## TASK DIRECTIONS
Wherever pictures appear in the listing below, leave them out, and copy exactly, and only, everything from the line with "(1)WDW-150JE微機" down to the line with "今年以來,紡織服裝原料幾乎是".

[INPUT DATA — start]

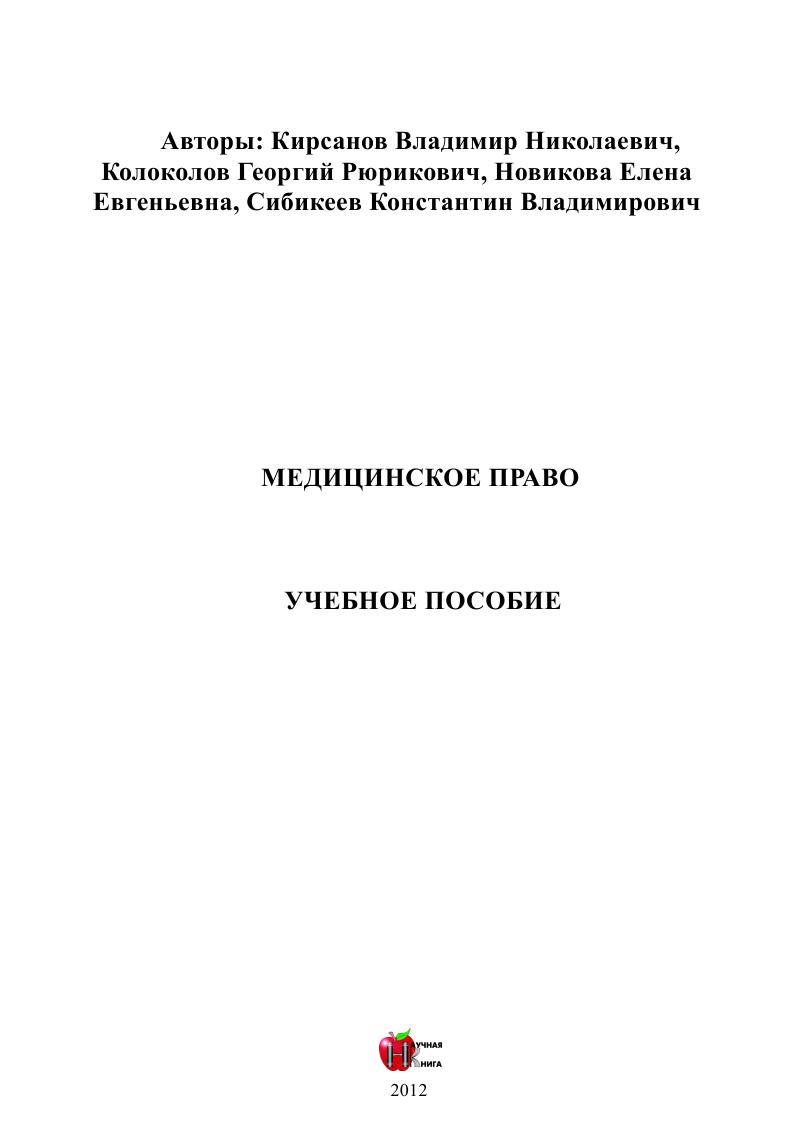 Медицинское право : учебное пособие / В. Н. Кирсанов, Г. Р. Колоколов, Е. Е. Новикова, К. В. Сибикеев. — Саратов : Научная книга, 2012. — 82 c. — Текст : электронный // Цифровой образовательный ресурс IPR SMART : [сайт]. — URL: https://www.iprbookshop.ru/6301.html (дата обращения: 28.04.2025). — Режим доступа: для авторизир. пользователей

[INPUT DATA — finish]
[INPUT DATA — start]

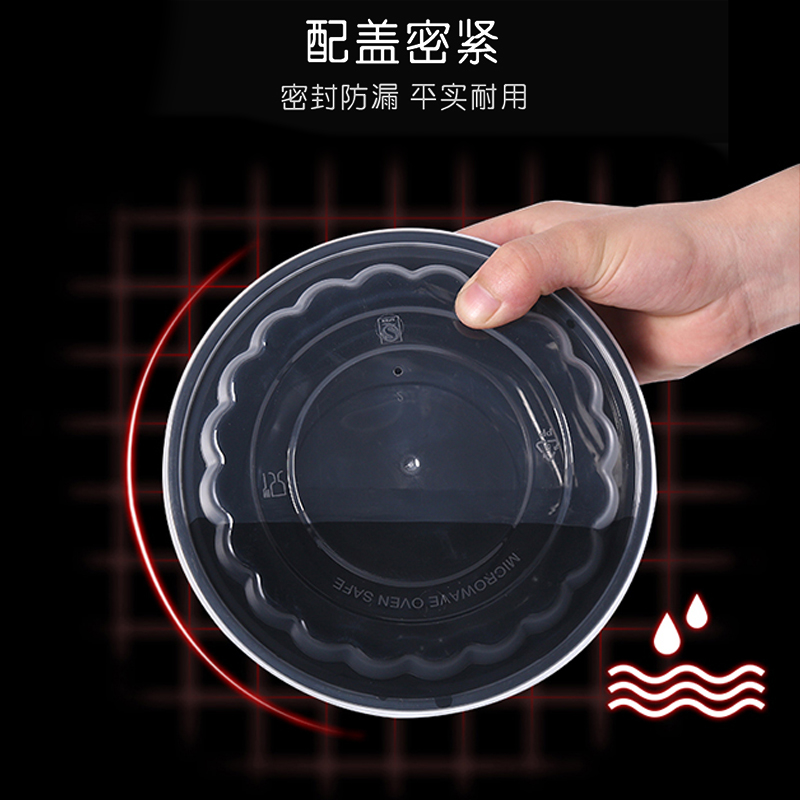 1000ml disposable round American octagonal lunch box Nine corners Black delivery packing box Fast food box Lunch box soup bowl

[INPUT DATA — finish]
[INPUT DATA — start]

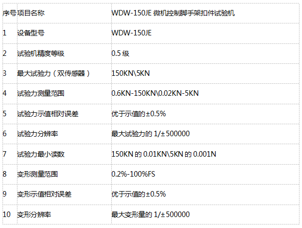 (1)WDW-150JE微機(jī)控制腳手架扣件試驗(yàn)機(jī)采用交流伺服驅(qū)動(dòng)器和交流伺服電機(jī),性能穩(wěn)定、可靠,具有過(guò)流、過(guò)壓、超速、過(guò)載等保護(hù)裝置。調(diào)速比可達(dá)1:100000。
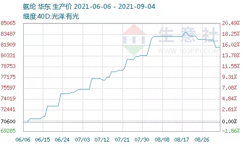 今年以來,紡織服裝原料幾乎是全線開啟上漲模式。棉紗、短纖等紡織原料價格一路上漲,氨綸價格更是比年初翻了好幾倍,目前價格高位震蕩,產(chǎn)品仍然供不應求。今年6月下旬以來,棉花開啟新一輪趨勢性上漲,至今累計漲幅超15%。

[INPUT DATA — finish]

## ANSWER TO THIS PROBLEM
 (1)WDW-150JE微機(jī)控制腳手架扣件試驗(yàn)機(jī)采用交流伺服驅(qū)動(dòng)器和交流伺服電機(jī),性能穩(wěn)定、可靠,具有過(guò)流、過(guò)壓、超速、過(guò)載等保護(hù)裝置。調(diào)速比可達(dá)1:100000。
 今年以來,紡織服裝原料幾乎是全線開啟上漲模式。棉紗、短纖等紡織原料價格一路上漲,氨綸價格更是比年初翻了好幾倍,目前價格高位震蕩,產(chǎn)品仍然供不應求。今年6月下旬以來,棉花開啟新一輪趨勢性上漲,至今累計漲幅超15%。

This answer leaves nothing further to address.